Seven years after being proposed, Northern Pass is nearing a decision by the N.H. Site Evaluation Committee, which in February is expected to issue an oral decision on whether to grant a permit for the project much opposed in the North Country.

Whichever decision is issued, appeals and lawsuits will almost certainly follow, delaying the project once more into the foreseeable future.

But March 2017 saw two developments.

The first was Hydro-Quebec announcing it will no longer agree to pay for the U.S. segment of the Northern Pass line.
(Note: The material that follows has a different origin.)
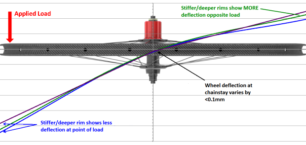 As you can see, the deeper and stiffer rims deflect less at the point of load (the road surface). However, they deflect more on the opposite side – where the brake caliper sits on a normal road frame.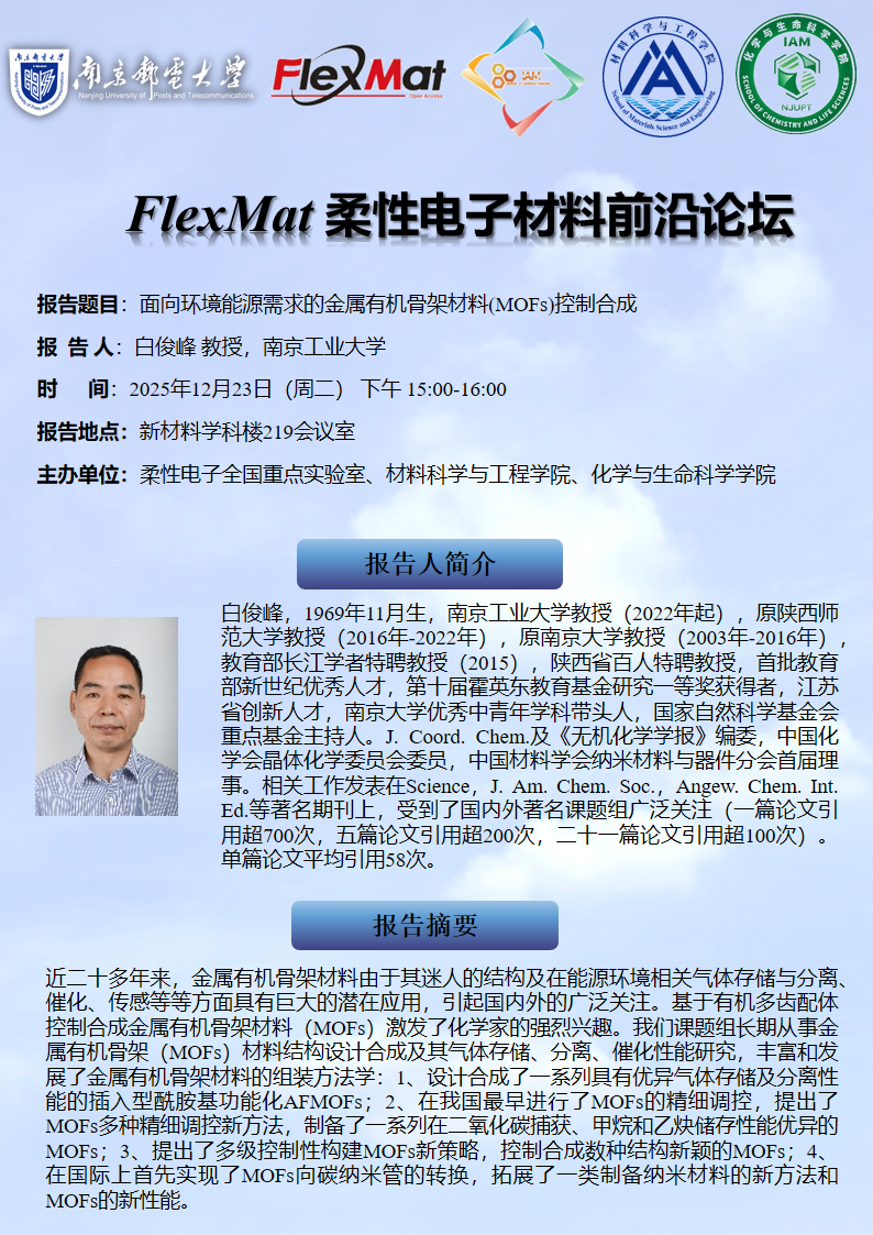 FlexMat柔性电子材料前沿论坛:南京工业大学 白俊峰教授

The second was the announcement of the $1.1 billion, 1,200-megawatt-capacity Granite State Reliable Power Link, proposed by National Grid and the Massachusetts nonprofit Citizens Energy, which seeks to import Canadian wind power along existing National Grid infrastructure through the Northeast Kingdom and into N.H. at the towns of Littleton and Monroe, to its terminus in Londonderry.

Critics of the $1.6 billion, 1,090-megawatt-capacity Northern Pass have voiced support for the GSPL, saying its run along existing transmission infrastructure would not impact view sheds or property values.

Both Northern Pass and GSPL are among a half dozen transmission line proposals bid into the Massachusetts Clean Energy RFP, the winner of which is scheduled to be selected on or about Jan. 25.

The selected project would be funded by Massachusetts ratepayers.

If Northern Pass loses the Massachusetts RFP bid, it could be without a funder, at least in the near term.